The first theoretical proposition discussed in this article suggests that authoritarianism generates favourable conditions for the abuse of public office for private gain. Public choice theorists argue that corruption rates are directly proportional to the degree of monopoly that office holders have over a specific bureaucratic domain and inversely proportional to accountability requirements that they bear. Based on public choice theory, corruption is likely to be high in autocratic societies, characterized by low public accountability and misaligned incentive structures within extensive governmental bureaucracies. Due to poverty and red tape, their citizens perceive corruption as beneficial or even inevitable and, since autocracies lack economic competition, free press, and bureaucratic checks-and-balances, the risk of punishment associated with corruption is often minimal.

The main weakness of these studies lies in their inability to differentiate between the capture of political power by elites (political corruption) and small-scale informal Does Authoritarianism Breed Corruption? Does Authoritarianism Breed Corruption? The data used by cross-national econometric studies of corruption do not distinguish between these two types of informality. Most come in the form of numeric indicators assigned to each country annually or biannually based on surveys of local and Western experts and businesses. These indices combine expert perceptions of state capture by criminal groups, abuse of power by politicians, and bureaucratic corruption.
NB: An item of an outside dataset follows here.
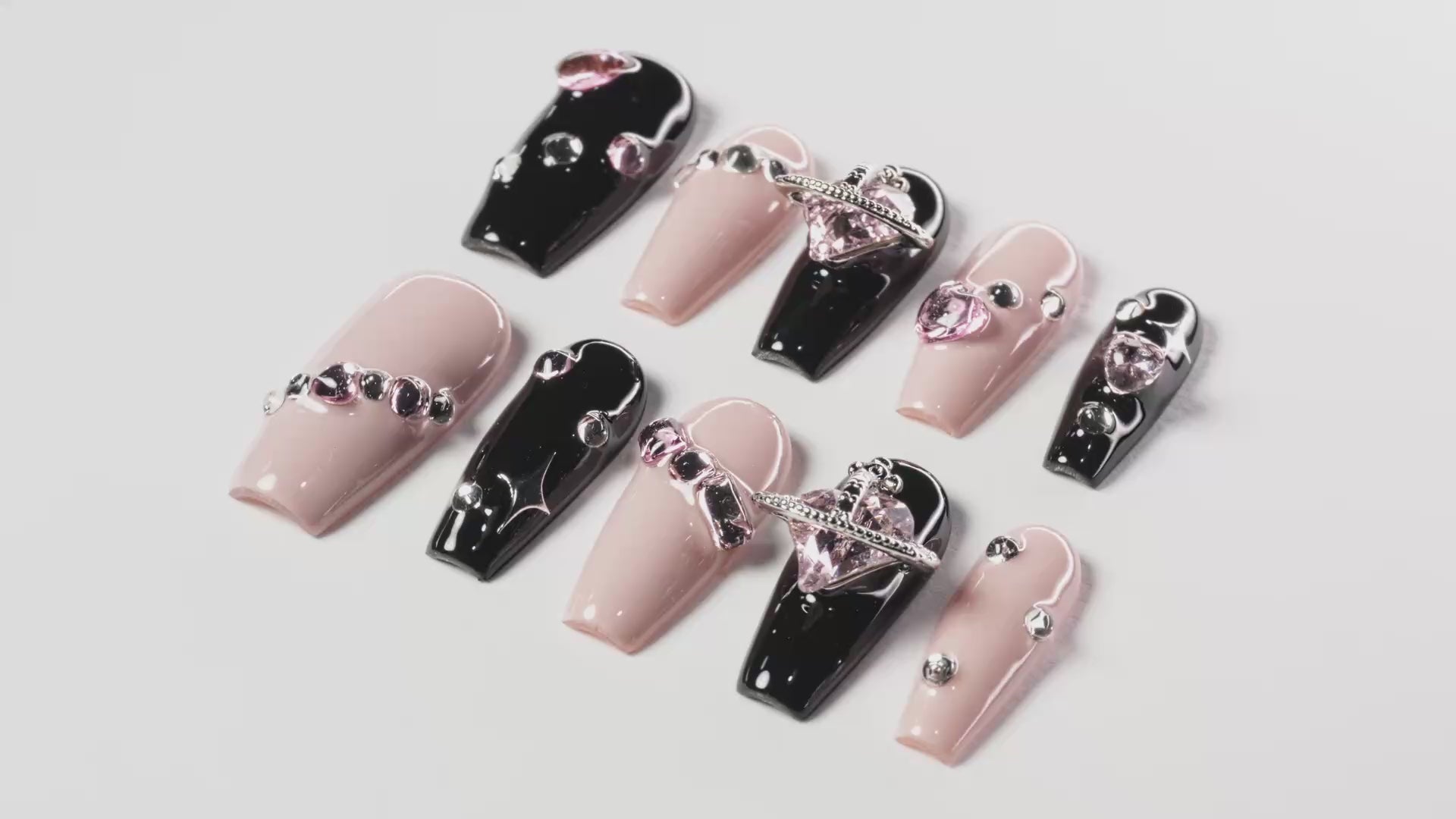 Charming Starry Heart reusable nails feature a perfect combination of black and pink, adorned with heart-shaped crystals, star details, and exquisite jewelry accents, exuding a unique blend of romance and luxury. Perfect for any special occasion, adding charm and sparkle to your fingertips. Reusable for convenience.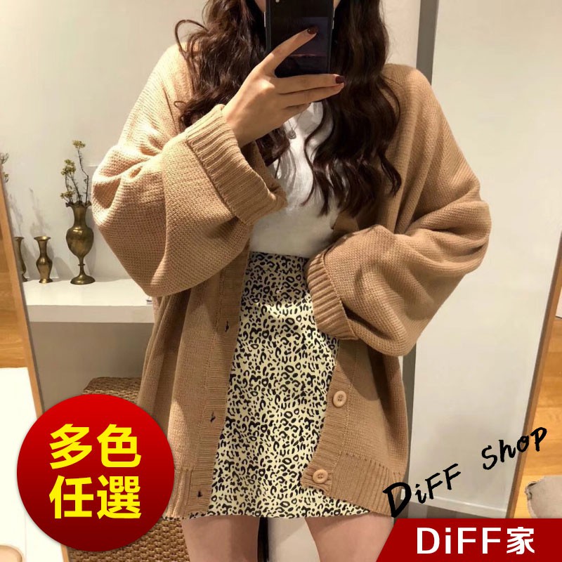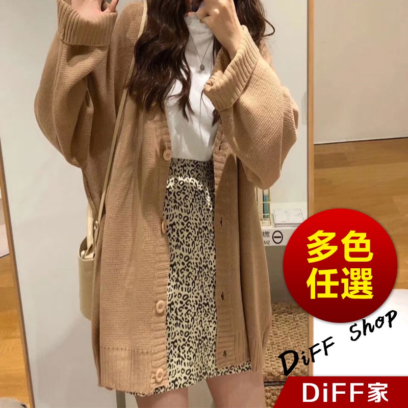 【DIFF】韓版寬鬆百搭復古色系針織外套 上衣 女裝 衣服 外套 長版外套 針織外套 【J148】

Most importantly, however, this study raises a number of crucial questions that had not been previously considered by anticorruption scholars. Although it is a common consensus that civil society is necessary for the eradication of corruption, little work has been carried out on the varieties and social desirability of transparency. Thus, not all absence of corruption is equally empowering for ordinary citizens or conducive to the development of a collective sense of universalism and personal efficacy. Whether or not such forced and instrumental transparency is a better platform for the development of democratic norms and practices than petty corruption and clientelism is an empirical question that socio-legal scholars should integrate into their assessments of anticorruption initiatives.

WikiLeaks Sudbury

Related document
Does Authoritarianism Breed Corruption?

Zaloznaya, M. (2015). Does Authoritarianism Breed Corruption? Reconsidering the Relationship Between Authoritarian Governance and Corrupt Exchanges in Bureaucracies.  Law & Social Inquiry,40 (2), 345–376.